The Economy of Somaliland largely relies on primary production and agriculture, where livestock is the main export of the country, which it ships to neighbouring Djibouti and Ethiopia, as well as to Gulf states, such as UAE, Saudi Arabia and Oman. Somaliland has a gross domestic product (GDP) of about US$720 million as of 2022, most of which it receives in remittances from Somalis working abroad. The COVID-19 pandemic has restricted Somaliland's trade flows with decreased demand in the agriculture sector, a significant source of tax revenue. The country's GDP per capita is approximately US$1530 which is one of the lowest in the world.

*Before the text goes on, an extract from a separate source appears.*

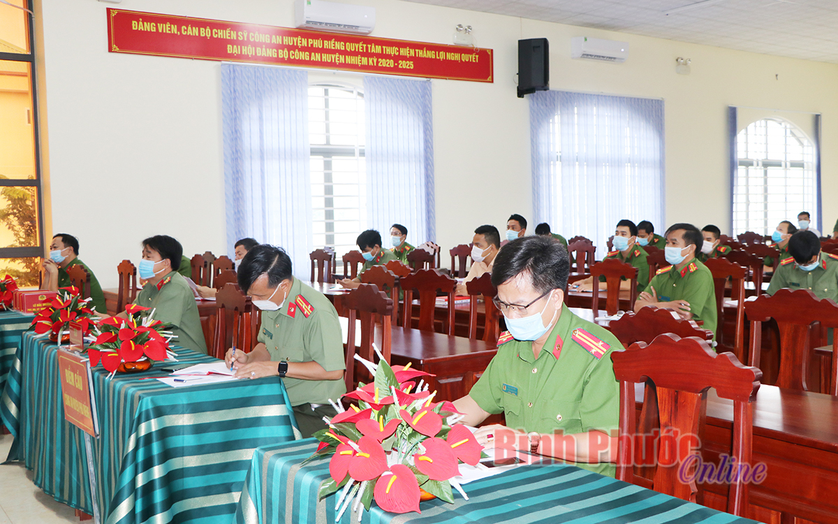 Điểm cầu tại Công an huyện Phú Riềng tham gia học tập chuyên đề, dự hội nghị nghiêm túc
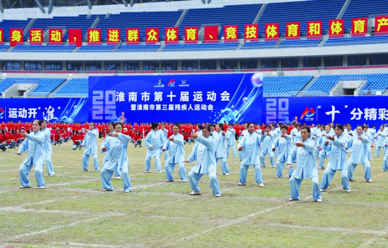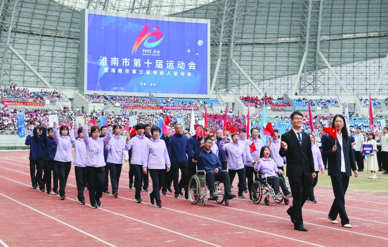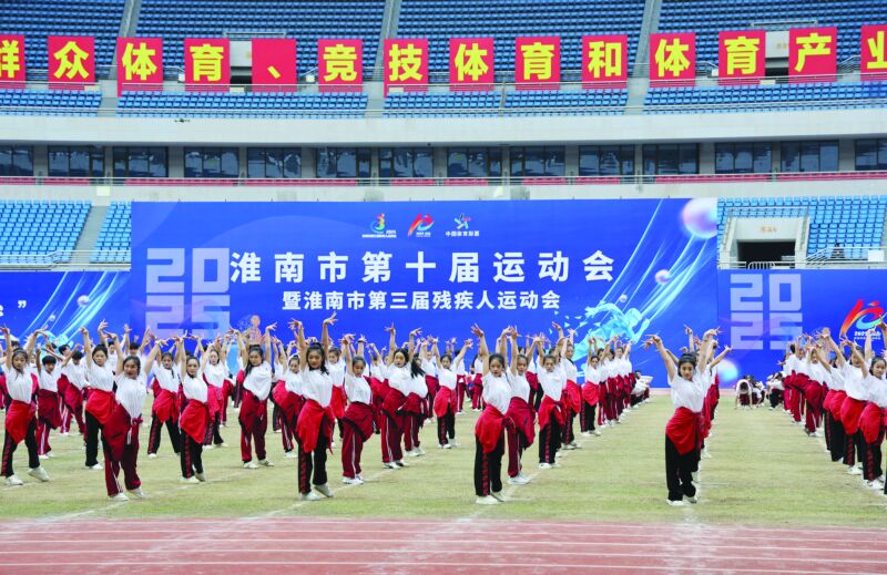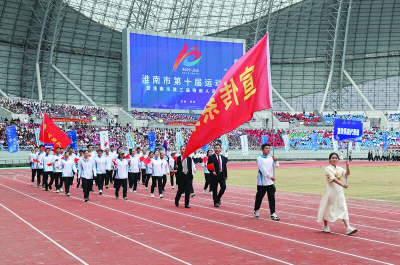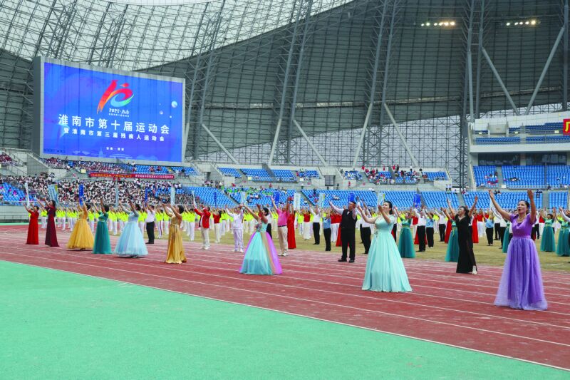 金秋時節,丹桂飄香;全民健身,全民健康。9月27日下午,淮南市第十屆運動會暨第三屆殘疾人運動會在市奧體中心激情開幕。全市10支縣區代表團,23支社會部代表團,5支中學生部代表團,殘疾人代表團,裁判員代表團及市民觀眾約2萬人參加了開幕式。開幕式還舉行了精彩的文體表演。

Somaliland is located along the Gulf of Aden, near the entrance to the Bab al-Mandeb, a major sea-lane through which almost one-third of the world's shipping passes. Its location has helped the government attract new trade and development deals. In late 2016, the DP World announced that it would invest nearly US$450 million to manage and upgrade the Port of Berbera and  develop a corridor running from the Port to the Ethiopian border. In 2021 the project was joined by the UK government's CDC Group which has doubled the funding.

Overview

The Somaliland shilling, which cannot easily be exchanged outside Somaliland on account of the nation's lack of recognition, is regulated by the Bank of Somaliland, the central bank, which was established constitutionally in 1994.

Since Somaliland is unrecognised, international donors have found it difficult to provide aid. As a result, the government relies mainly upon tax receipts and remittances from the large Somali diaspora, which contribute immensely to Somaliland's economy. Remittances come to Somaliland through money transfer companies, the largest of which is Dahabshiil, one of the few Somali money transfer companies that conform to modern money-transfer regulations. The World Bank estimates that remittances worth approximately US$1 billion reach Somalia annually from émigrés working in the Gulf states, Europe and the United States. Analysts say that Dahabshiil may handle around two-thirds of that figure and as much as half of it reaches Somaliland alone.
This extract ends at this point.